It’s high time we stop praising humanity, because there doesn’t seem to be anything ‘good’ in being human. I see ‘good’ among us only when there are human beings sans human nature. Even our definition of ‘good’ defines implicitly the need to suppress our basic nature. I just wonder that, if we praise civilization and curse/detest barbarism, how can we praise human beings for their human nature/humanity? We curse barbarism but ask people to be human beings! We love civilizations but hate the idea of absence of humanity! We’ve messed up the definition of humanity. Humanity is actually a misnomer, it gives us a false idea about human beings. In the name of humanity we preach things which go against the very basic human nature.

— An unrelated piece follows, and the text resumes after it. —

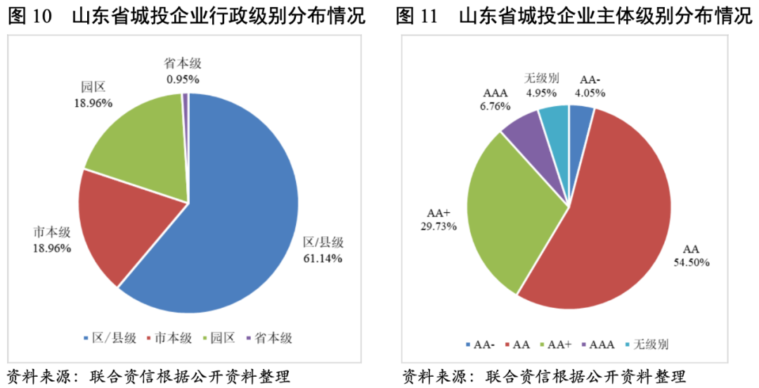 截至2021年10月28日,山東省有存續主體級別的城投企業共211家。其中,省本級城投企業2家,地級市本級城投企業40家,地級市下轄區級及縣級(含縣級市)城投企業129家,園區城投企業40家;主體級別為AAA的城投企業15家,主體級別為AA+的城投企業66家,主體級別為AA的城投企業121家,主體級別為AA-的城投企業9家。分地級市來看,濰坊市的城投企業數量最多,為42家,其次為青島市(41家)、威海市(16家)、臨沂市(15家)、濟南市(15家)、濟寧市(15家)和淄博市(11家),其余地級市城投企業數量相對較少。從級別分布看,AAA城投企業主要集中于省本級及經濟財政實力強的青島市和濟南市,其余地級市中只有煙臺市、臨沂市和濰坊市各有1家AAA城投企業,但上述地級市與青島市和濟南市的經濟和財政實力存在一定的差距。除聊城市和日照市以外,其余地級市均有AA+級別城投企業,聊城市和日照市城投企業最高級別為AA,級別為AA-的城投企業全部位于區縣和園區。

It’s in our nature to commit ‘crimes’, to spread ‘evil’, but when someone does the opposite and does ‘good’ things, we talk about the presence of humanity! If we want us to be humane, then any act committed by human beings shouldn’t be a crime. Have you ever heard anyone saying that a beast (wild animal/predator) killing its prey is evil? Ever heard that a beast killing another beast is evil? No, never, they would say that it’s perfectly natural! But if a human being does the same thing, they’d use all the bad words in the world to curse the perpetrator of any such act. I want to ask, why won’t they call it a natural act (which it is, of course) when human beings do it? What makes an act done by human beings specially different from the one done by any other living being? After all human beings are living creatures just like billions of them out there. Why is it that morality and moral code is applicable on only one living creature among all the living beings? Aren’t humans also natural beings? So, whatever they do should actually be called natural, no? Are human beings special? If yes, then whatever we do has to be special, why such a hue and cry? If no, then let’s go back to the above questions.

We human beings are full of hypocrisy, and I would like to add here that it’s perfectly natural to be a hypocrite. A friend of mine once asked me about the solution for humanity. I’d say that the only solution for human beings is to stop being human, and save the world from all the pain and agony. Human beings have caused enough destruction, enough now, let’s not be humans for a while, rather, forever!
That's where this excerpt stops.